PostgreSQL – Managing and Speeding Up Queries on Large Table

database-designdatabase-recommendationindexpartitioningpostgresql

I have time series data which spans over 10 years and has over 3 trillion rows and 10 columns.

At the moment I use a PCIe SSD with 128GB of RAM and I am finding that querying takes a significant amount of time. For example running the below command takes well over 15 mins:

SELECT * FROM tbl WHERE column_a = 'value1' AND column_b = 'value2';

The table is mostly used for reads. The only time the table is written to is during weekly updates which insert about 15 million rows.

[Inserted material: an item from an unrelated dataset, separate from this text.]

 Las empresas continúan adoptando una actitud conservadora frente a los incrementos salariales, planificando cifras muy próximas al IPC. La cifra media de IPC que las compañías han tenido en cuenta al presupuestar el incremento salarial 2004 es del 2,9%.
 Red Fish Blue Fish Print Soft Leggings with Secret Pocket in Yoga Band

What are the best ways to manage tables so large? Would you recommend splitting it by year?

The table size is 542 GB and the external size is 109 GB.

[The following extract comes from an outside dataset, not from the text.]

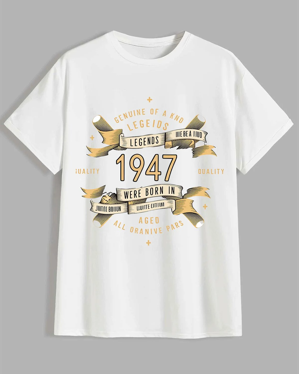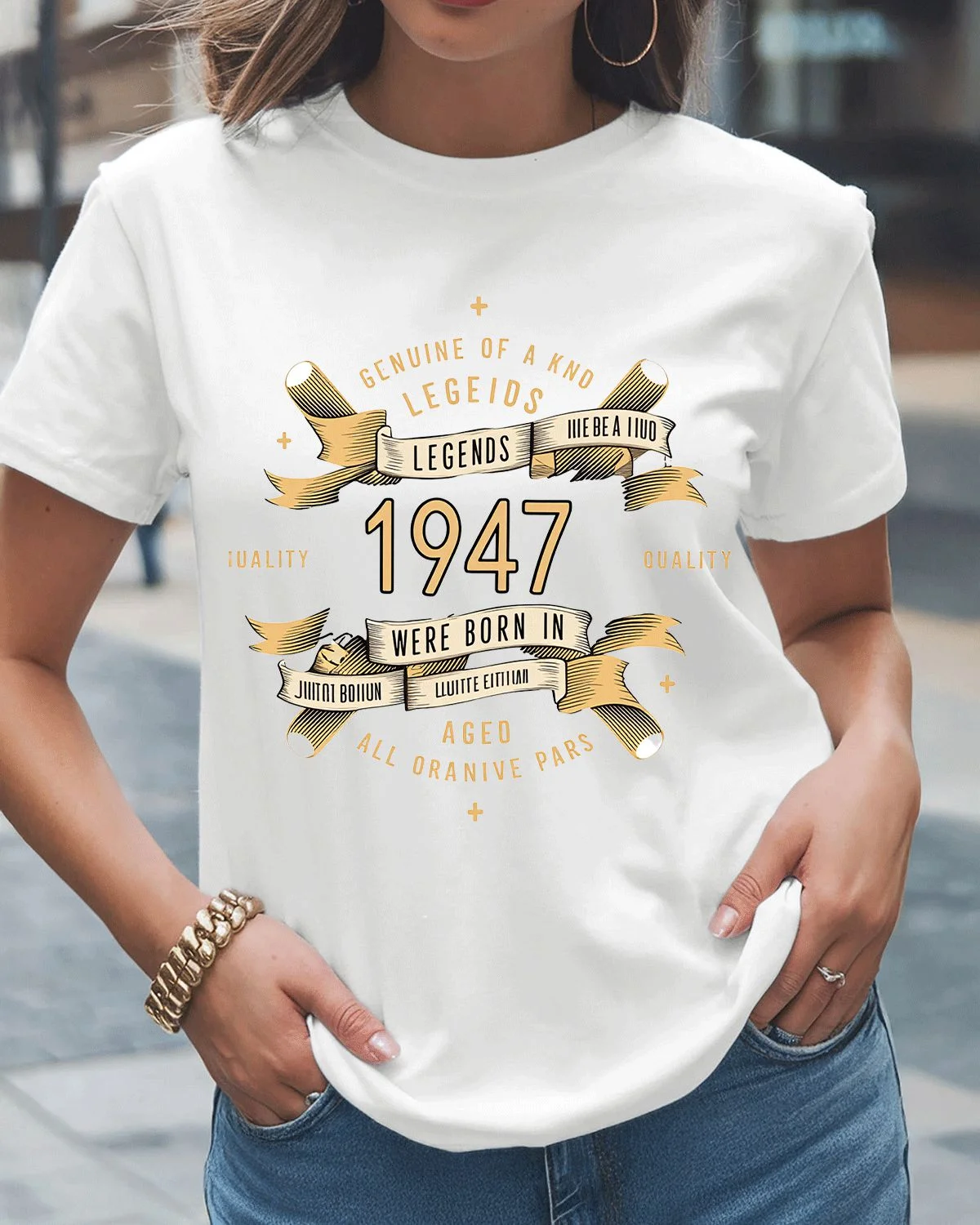 1947 Legends Were Born In Summer Cotton Graphic T Shirt - Vintage Retro, Short Sleeve, Soft Fabric, Comfortable Fit

EXPLAIN (BUFFERS, ANALYZE) output:

"Seq Scan on table  (cost=0.00..116820941.44 rows=758 width=92) (actual time=0.011..1100643.844 rows=667 loops=1)"
"  Filter: (("COLUMN_A" = 'Value1'::text) AND ("COLUMN_B" = 'Value2'::text))"
"  Rows Removed by Filter: 4121893840"
"  Buffers: shared hit=2 read=56640470 dirtied=476248 written=476216"
"Total runtime: 1100643.967 ms"

The table was created using the following code:

CREATE TABLE tbl (
  DATE     timestamp with time zone,
  COLUMN_A text,
  COLUMN_B text,
  VALUE_1  double precision,
  VALUE_2  double precision,
  VALUE_3  double precision,
  VALUE_4  double precision,
  VALUE_5  double precision,
  VALUE_6  double precision,
  VALUE_7  double precision,
);

CREATE INDEX ix_table_name_date ON table_name (DATE);

Best Answer

Your existing index on DATE is obviously useless for the query. The first obvious step for your query:

SELECT * FROM tbl WHERE column_a = 'value1' AND column_b = 'value2';

is an index for column_a or column_b (which ever is more selective) or possibly a multicolumn index on (column_a, column_b), like:

CREATE INDEX tbl_a_b_idx ON tbl(column_a, column_b);

Details:

Next, I would consider partial indexes if you can safely exclude large parts of the table from the queries. Or partition your table in something like 100 partitions. And use constraint exclusion.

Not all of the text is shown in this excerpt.